**YOUR TASK**. Below is a listing; retype exactly the line with "Ръкавите с еластични" and every line after it through the end, and only those, leaving out the pictures.

**RECORDS TO USE**.
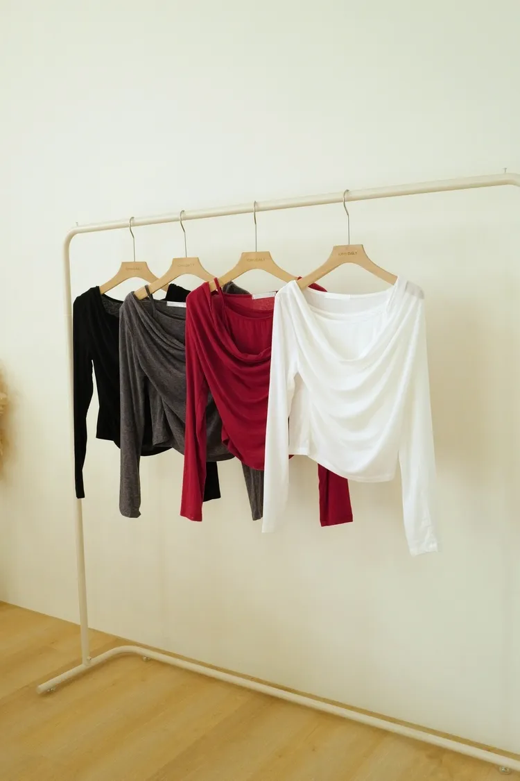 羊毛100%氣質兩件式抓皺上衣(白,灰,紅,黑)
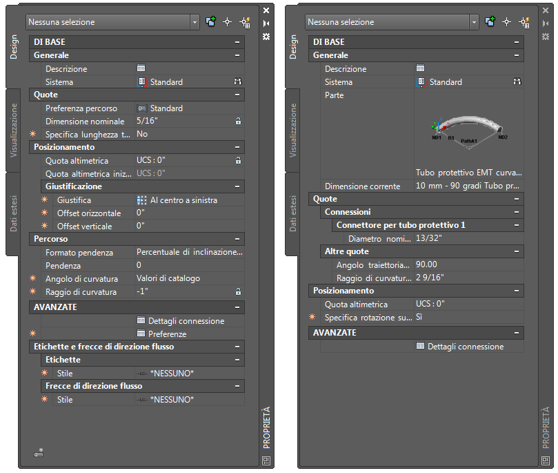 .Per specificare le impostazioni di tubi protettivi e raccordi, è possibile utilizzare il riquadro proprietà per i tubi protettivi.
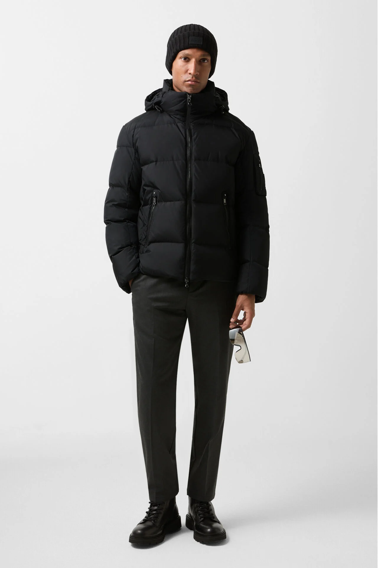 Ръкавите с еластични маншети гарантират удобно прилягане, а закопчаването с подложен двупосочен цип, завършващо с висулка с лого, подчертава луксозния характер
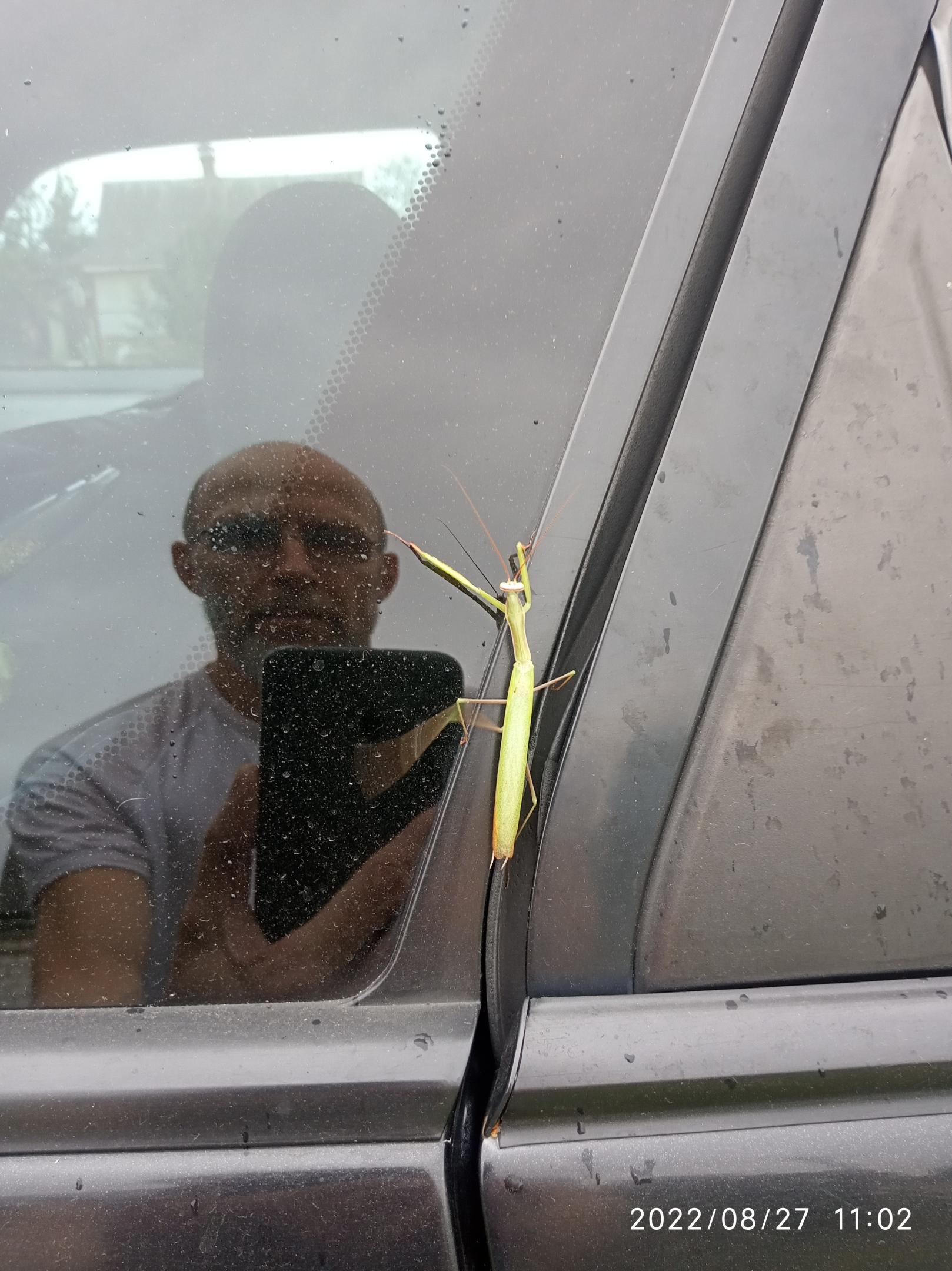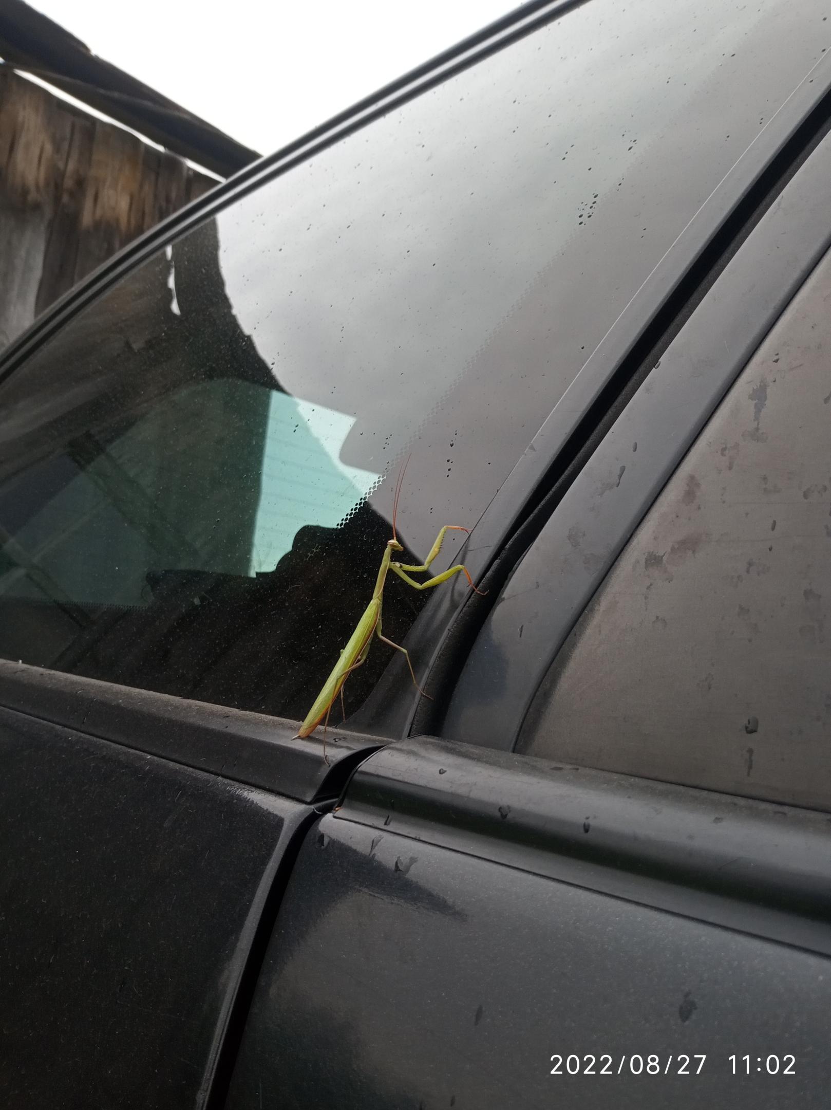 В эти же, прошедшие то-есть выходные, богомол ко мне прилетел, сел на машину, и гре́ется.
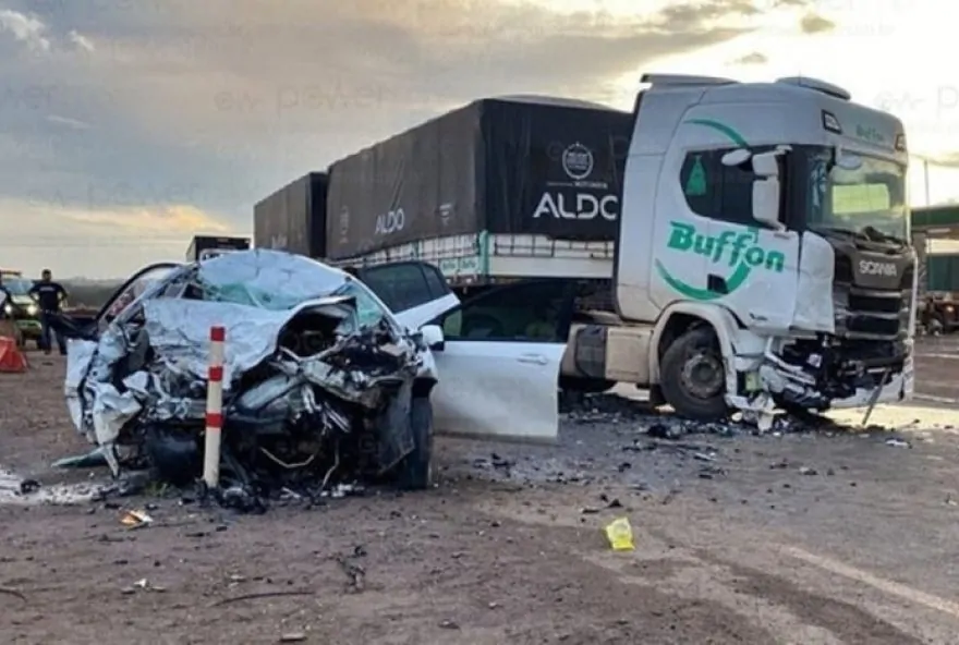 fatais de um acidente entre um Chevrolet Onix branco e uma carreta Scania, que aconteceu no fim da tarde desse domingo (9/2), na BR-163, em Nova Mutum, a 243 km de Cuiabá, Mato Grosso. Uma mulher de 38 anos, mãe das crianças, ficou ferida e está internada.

**ANSWER**.
 Ръкавите с еластични маншети гарантират удобно прилягане, а закопчаването с подложен двупосочен цип, завършващо с висулка с лого, подчертава луксозния характер
 В эти же, прошедшие то-есть выходные, богомол ко мне прилетел, сел на машину, и гре́ется.
 fatais de um acidente entre um Chevrolet Onix branco e uma carreta Scania, que aconteceu no fim da tarde desse domingo (9/2), na BR-163, em Nova Mutum, a 243 km de Cuiabá, Mato Grosso. Uma mulher de 38 anos, mãe das crianças, ficou ferida e está internada.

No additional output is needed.